The point is perhaps more clearly stated by the fact that all commodity-capital in the economy constitutes either means of production or means of consumption. Similarly, all of this capital, composing the two departments, in aggregate, comprises one single department, which is the total social capital.
The capital employed, by either department, breaks down into the same two components – variable capital and constant capital. The variable capital, considered solely from the standpoint of value, is equal to the sum of the wages paid within that department. Considered from the material point of view, it comprises all the concrete labour employed within the department.
The constant capital comprises all of the materials and instruments of labour, including buildings etc. used in production. However, although the fixed capital component of this is employed, i.e. it has to be present in its entirety, for production to occur, as seen previously, it only transfers part of its value to the end product, or here to the value of the commodity-capital of the department. Only that part of the constant capital that replaces the circulating capital, and that reproduces the fixed capital value, transferred as wear and tear, is included in the value of the commodity-capital.
“The value of the total annual product created with the aid of this capital in each of the two departments consists of one portion which represents the constant capital c consumed in the process of production and only transferred to the product in accordance with its value, and of another portion added by the entire labour of the year. This latter portion is divided in turn into the replacement of the advanced variable capital v and the excess over and above it, which forms the surplus-value s. And just as the value of every individual commodity, that of the entire annual product of each department consists of c + v + s.” (p 400)

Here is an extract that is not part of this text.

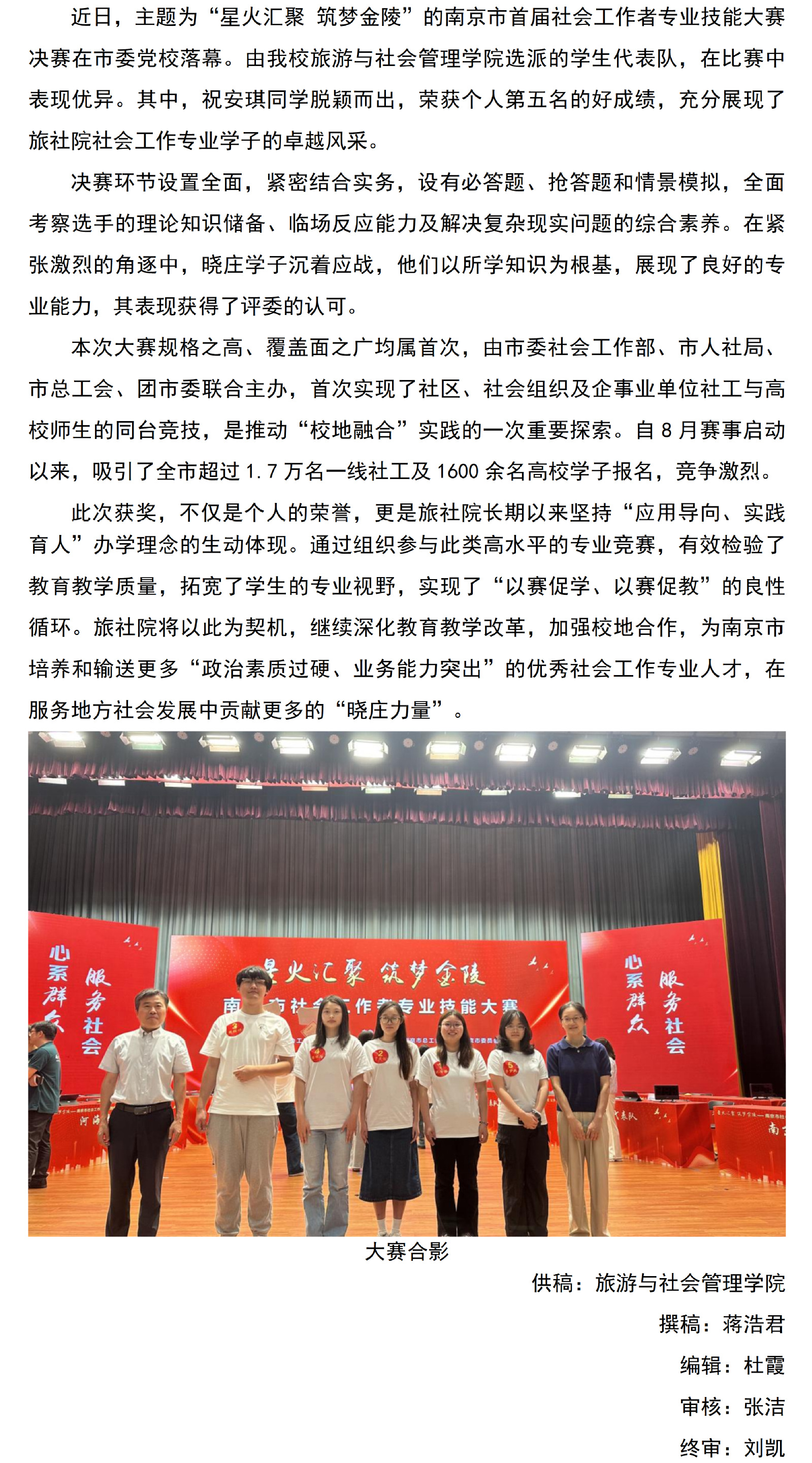 旅游与社会管理学院学子在市首届南京市社会工作者专业技能大赛中斩获佳绩

For now, for ease of elaboration, Marx excludes fixed capital, assuming that the constant capital employed is all consumed in the production of the commodity-capital.
Marx sets out a basic model comprising these two departments and the mutual exchange between them. These models, whether they are of simple reproduction, as here, or of expanded reproduction, which will be discussed later, show that the output of both departments CAN be exchanged so that it is fully consumed. In other words, these models are based on a concept of a general equilibrium theory.
But, of course, Marx did not believe that any such equilibrium exists. His theory is, in fact, a theory of dynamic disequilibrium. That is not just because he recognises that capitalism proceeds on the basis of repeated crises, which are violent means of resolving the contradictions inherent in the very functioning of the system, but also because, even without such crises, the continual revolution of production, which is a fundamental part of the functioning of the system, necessitates continual changes in the way capital and social labour-time is allocated.
So, whether it is in setting out these models here, or in setting out the resolution of the Transformation Problem, in Volume III, the fact that Marx has all of the output being unproblematically demanded/consumed does not at all mean that he believed it would be.